**TASK TO COMPLETE**
Exactly as written, set down the lines from the top of the entries through the line bearing "本站提供的匯率僅供參考,最終", with every picture left out.
==== RECORDS SUPPLIED ====
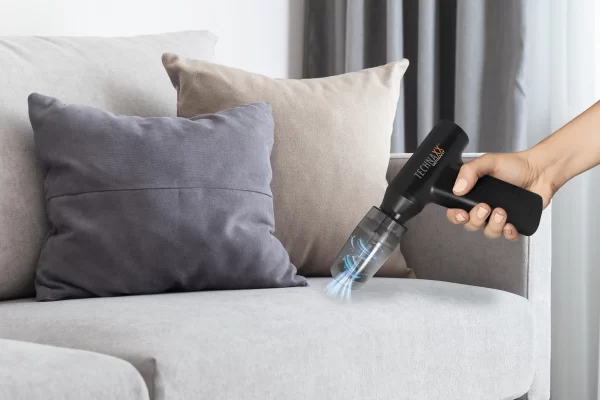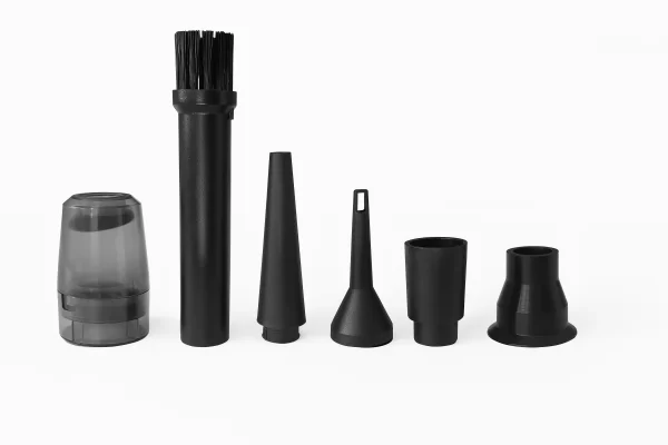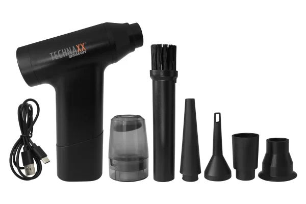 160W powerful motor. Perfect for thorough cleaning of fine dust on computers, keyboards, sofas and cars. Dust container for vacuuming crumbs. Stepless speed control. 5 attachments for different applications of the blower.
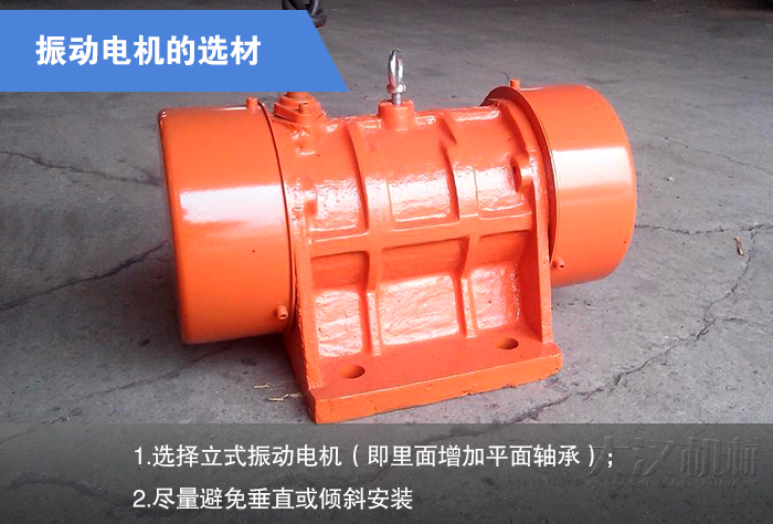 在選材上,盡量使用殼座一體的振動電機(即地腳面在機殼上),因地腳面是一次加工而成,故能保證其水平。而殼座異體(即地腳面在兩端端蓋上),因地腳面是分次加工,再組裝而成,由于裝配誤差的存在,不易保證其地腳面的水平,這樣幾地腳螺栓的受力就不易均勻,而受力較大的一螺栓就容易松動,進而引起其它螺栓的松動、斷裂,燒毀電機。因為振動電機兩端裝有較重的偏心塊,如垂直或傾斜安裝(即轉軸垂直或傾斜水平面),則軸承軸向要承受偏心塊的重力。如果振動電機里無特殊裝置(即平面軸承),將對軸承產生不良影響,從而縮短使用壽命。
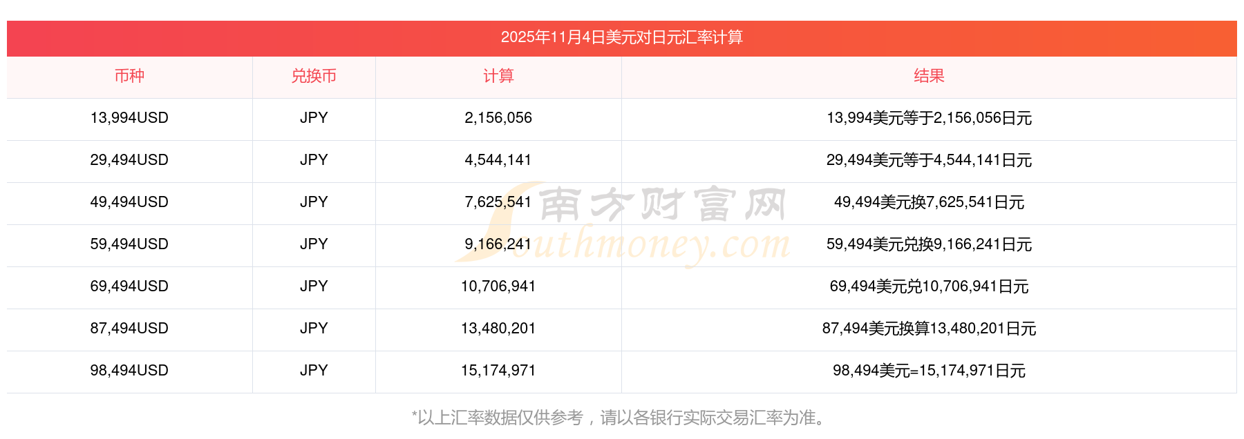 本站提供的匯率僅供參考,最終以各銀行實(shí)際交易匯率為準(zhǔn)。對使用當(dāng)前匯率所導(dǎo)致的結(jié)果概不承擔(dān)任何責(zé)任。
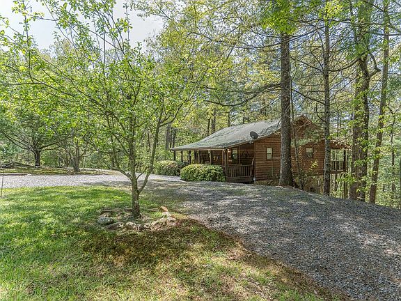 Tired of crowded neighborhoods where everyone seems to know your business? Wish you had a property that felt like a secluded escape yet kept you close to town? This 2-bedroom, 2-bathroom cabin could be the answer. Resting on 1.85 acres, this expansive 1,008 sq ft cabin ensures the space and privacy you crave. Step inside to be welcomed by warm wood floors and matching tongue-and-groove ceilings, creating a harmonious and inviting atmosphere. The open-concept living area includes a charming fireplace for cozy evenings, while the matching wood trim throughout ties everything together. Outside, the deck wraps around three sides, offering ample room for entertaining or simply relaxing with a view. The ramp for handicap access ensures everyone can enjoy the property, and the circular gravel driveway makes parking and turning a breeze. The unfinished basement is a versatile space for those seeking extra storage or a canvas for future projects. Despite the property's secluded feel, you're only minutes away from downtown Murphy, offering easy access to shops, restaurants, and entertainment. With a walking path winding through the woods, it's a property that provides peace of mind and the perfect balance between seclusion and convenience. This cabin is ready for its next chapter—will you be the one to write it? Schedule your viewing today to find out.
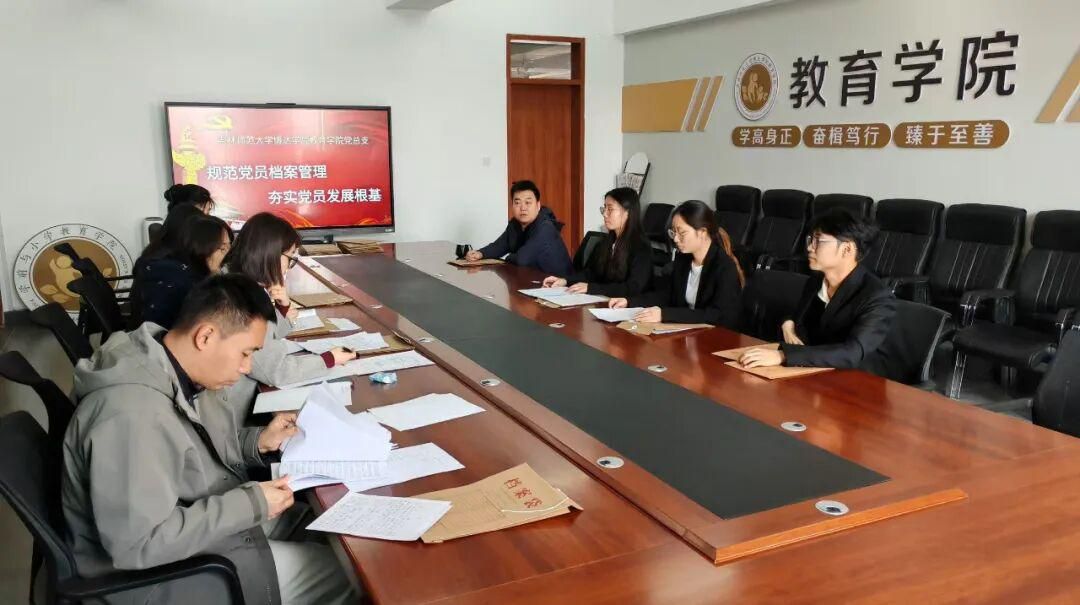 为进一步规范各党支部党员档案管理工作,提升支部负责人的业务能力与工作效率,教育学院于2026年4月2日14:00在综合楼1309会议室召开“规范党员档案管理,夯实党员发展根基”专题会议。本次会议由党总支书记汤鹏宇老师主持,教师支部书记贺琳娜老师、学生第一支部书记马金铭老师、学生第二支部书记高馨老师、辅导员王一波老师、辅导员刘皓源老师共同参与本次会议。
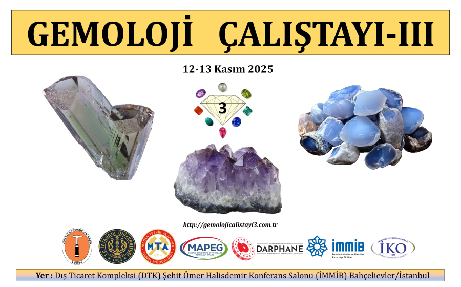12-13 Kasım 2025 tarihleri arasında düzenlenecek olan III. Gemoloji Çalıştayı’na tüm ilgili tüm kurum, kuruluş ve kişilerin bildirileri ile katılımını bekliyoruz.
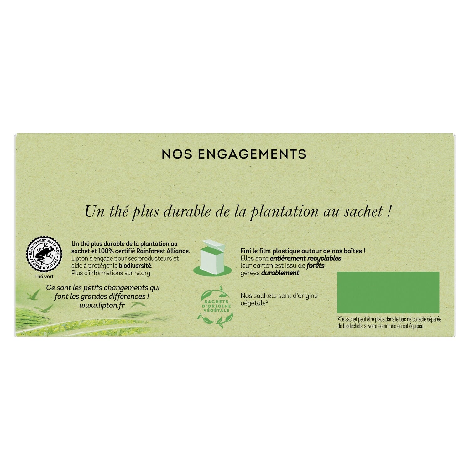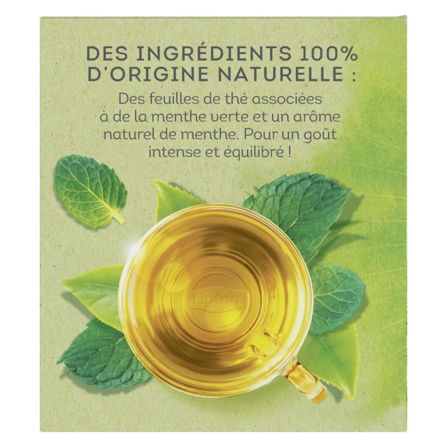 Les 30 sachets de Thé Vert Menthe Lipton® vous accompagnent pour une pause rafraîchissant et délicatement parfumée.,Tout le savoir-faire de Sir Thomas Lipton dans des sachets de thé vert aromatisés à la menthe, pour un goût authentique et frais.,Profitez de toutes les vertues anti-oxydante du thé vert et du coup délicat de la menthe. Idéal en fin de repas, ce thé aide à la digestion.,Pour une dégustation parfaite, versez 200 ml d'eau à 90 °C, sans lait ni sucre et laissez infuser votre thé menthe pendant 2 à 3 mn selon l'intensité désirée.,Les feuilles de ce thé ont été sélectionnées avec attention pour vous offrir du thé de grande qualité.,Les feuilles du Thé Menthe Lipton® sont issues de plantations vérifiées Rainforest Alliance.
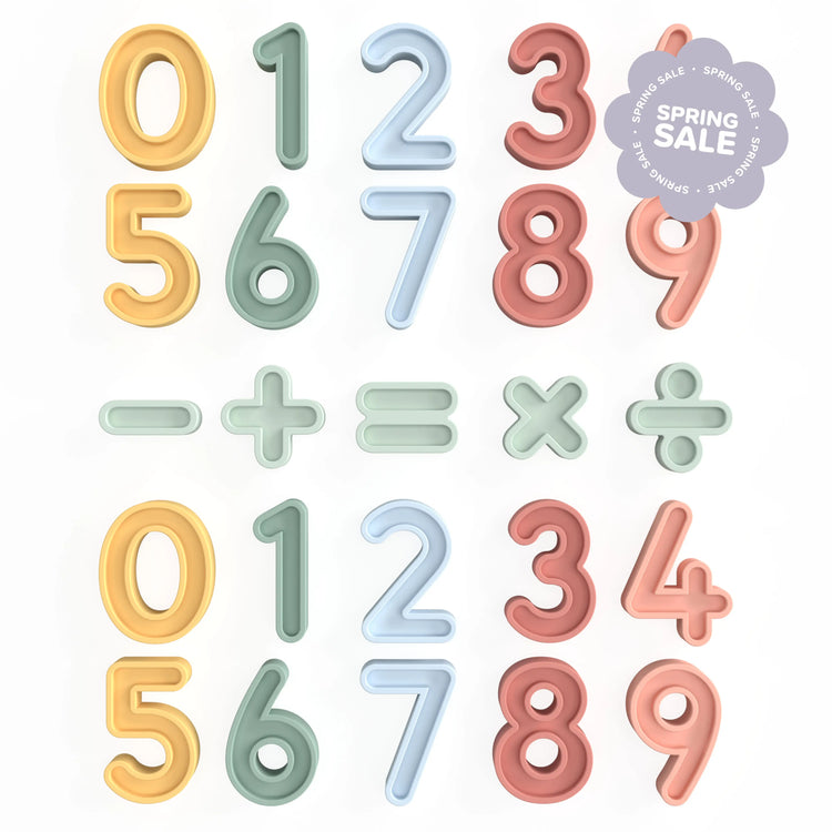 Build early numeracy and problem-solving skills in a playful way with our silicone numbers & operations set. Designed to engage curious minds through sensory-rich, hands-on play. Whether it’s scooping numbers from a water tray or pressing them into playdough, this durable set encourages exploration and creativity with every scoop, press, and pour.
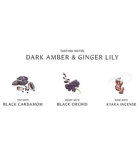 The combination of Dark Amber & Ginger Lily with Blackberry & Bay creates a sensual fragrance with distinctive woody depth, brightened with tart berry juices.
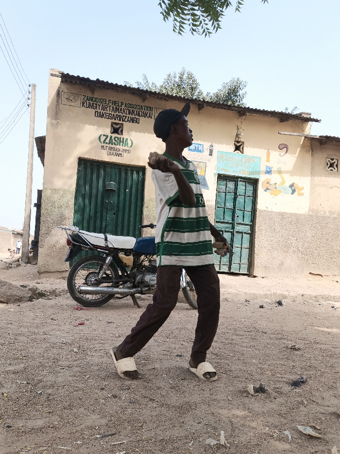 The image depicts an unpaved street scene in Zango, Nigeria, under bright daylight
====
**RESULT OF THIS EXERCISE**
 160W powerful motor. Perfect for thorough cleaning of fine dust on computers, keyboards, sofas and cars. Dust container for vacuuming crumbs. Stepless speed control. 5 attachments for different applications of the blower.
 在選材上,盡量使用殼座一體的振動電機(即地腳面在機殼上),因地腳面是一次加工而成,故能保證其水平。而殼座異體(即地腳面在兩端端蓋上),因地腳面是分次加工,再組裝而成,由于裝配誤差的存在,不易保證其地腳面的水平,這樣幾地腳螺栓的受力就不易均勻,而受力較大的一螺栓就容易松動,進而引起其它螺栓的松動、斷裂,燒毀電機。因為振動電機兩端裝有較重的偏心塊,如垂直或傾斜安裝(即轉軸垂直或傾斜水平面),則軸承軸向要承受偏心塊的重力。如果振動電機里無特殊裝置(即平面軸承),將對軸承產生不良影響,從而縮短使用壽命。
 本站提供的匯率僅供參考,最終以各銀行實(shí)際交易匯率為準(zhǔn)。對使用當(dāng)前匯率所導(dǎo)致的結(jié)果概不承擔(dān)任何責(zé)任。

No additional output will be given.